DeCODE was founded in 1996 by Kari Stefansson and Jeffrey Gulcher, former Harvard colleagues who recognized the potential of Iceland’s unique genealogical records for conducting population-wide genetics studies. The country’s population of approximately 290,000 is descended from a relatively small group of settlers who arrived from Norway and the British Isles beginning in the ninth century, and immigration has been very limited since that time.

The study of genealogy is a national pastime in Iceland, and family lineages are well characterized and recorded. DeCODE employs nearly 600 people at its headquarters facility in Reykja-vik, as well as 150 people at its drug development and structural biology units in the United States.

Armed with important genetic clues from the Icelandic population, University scientists will conduct their own research studies within Emory’s diverse group of patients to uncover the full range of mutations or versions of these genes that might predispose individuals to disease.

“The clinical and basic research expertise and experience [at Emory] covers a wide spectrum of diseases and will contribute a tremendous amount of information about the role genes play in diseases within U.S. populations,” said Stephen Warren, chair of human genetics. “Combined with deCODE’s significant genetic discoveries in Iceland, this alliance brings outstanding opportunities to every medical specialty at Emory to rapidly advance our understanding of the mechanisms underlying numerous complex diseases.”

DeCODE scientists have made several significant genetic discoveries over the past several years that should prove useful in Emory research collaborations, including discovery of the STRK1 gene, the first gene implicated in the common form of stroke, and a gene linked to schizophrenia. In a study funded by the Doris Duke Charitable Foundation, Emory neurologists will soon begin the first U.S. study addressing the STRK1 gene.

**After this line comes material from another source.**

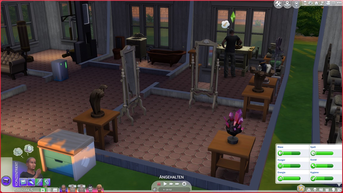 Weil er eine Belohnung missverstand (und die Lichtshow annahm), zimmert Keiran Beistelltische für den Charismaraum, die dann provisorisch gefüllt werden - mit ebenfalls frisch geschnitzten Figuren (neben einem noch aus dem Leben vor der Kolonie stammenden Meteoriten), da Keiran dieser Beschäftigungstherapie bedarf.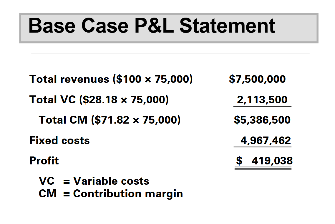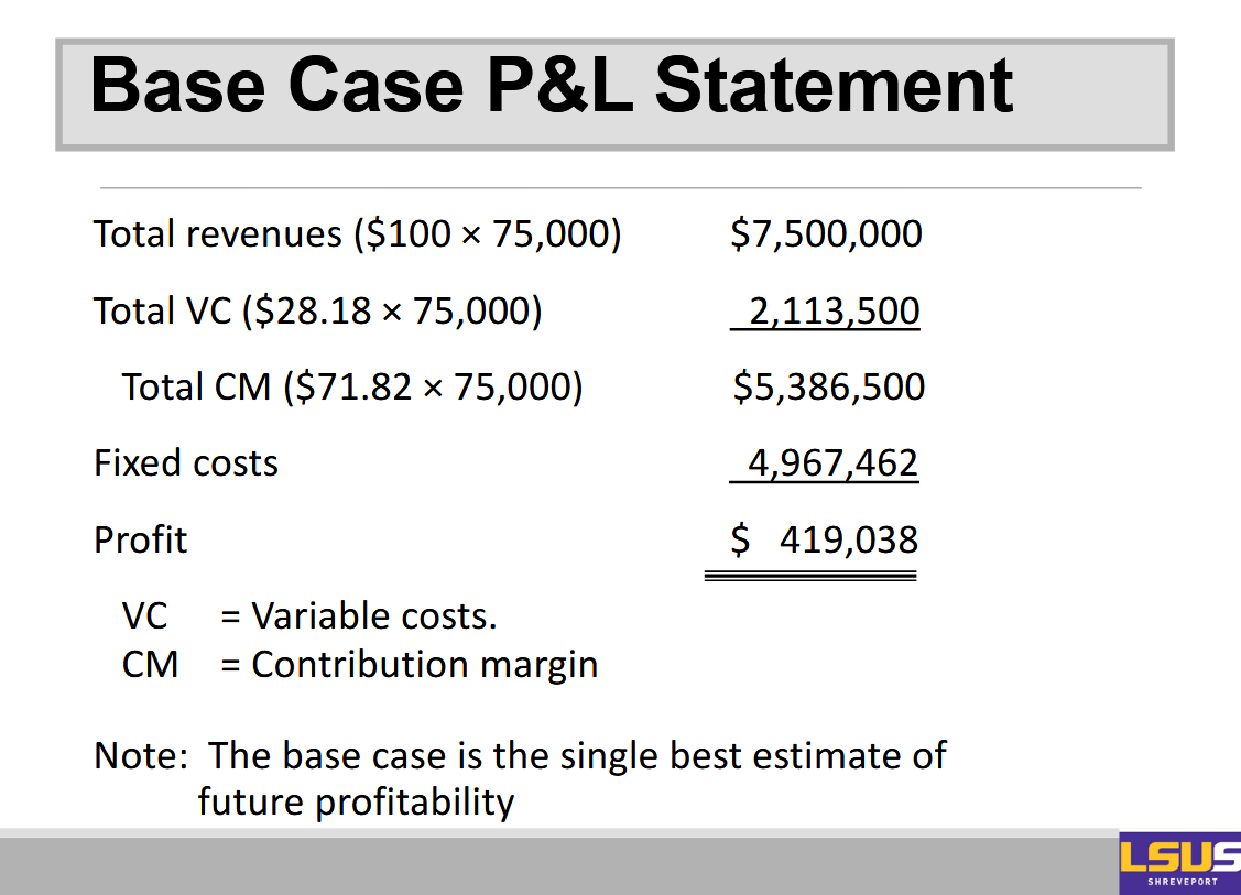P&L statement - Uses cost structure information, revenue forecast, and projected volume to forecast profitability.

Emory neurologist Allan Levey, director of the Emory Center for Neurodegenerative Diseases, has been collaborating with deCODE scientists for several years in studies involving the genetics of Parkinson’s and Alzheimer’s diseases, and Rye has joint studies with deCODE on narcolepsy and restless legs syndrome.

“Many neurological diseases result from a complex mixture of environmental and genetic causes,” Levey said, “and although we have learned about genes that are responsible for a small percentage of cases of Alzheimer’s and Parkinson’s, we know there are many more genes involved. Working with deCODE, we can use the genetic clues from the relatively homogeneous Icelandic population to determine whether implicated genes confer disease risk in more complex populations.”

“Our alliance with deCODE presents a tremendous opportunity for Emory scientists to participate in and contribute to some of the most advanced genetic research in the world,” said Thomas Lawley, dean of the School of Medicine, “and it gives our clinical population a chance to contribute to and benefit from groundbreaking genetic discoveries about their diseases that could lead to tailored treatment for individual patients.”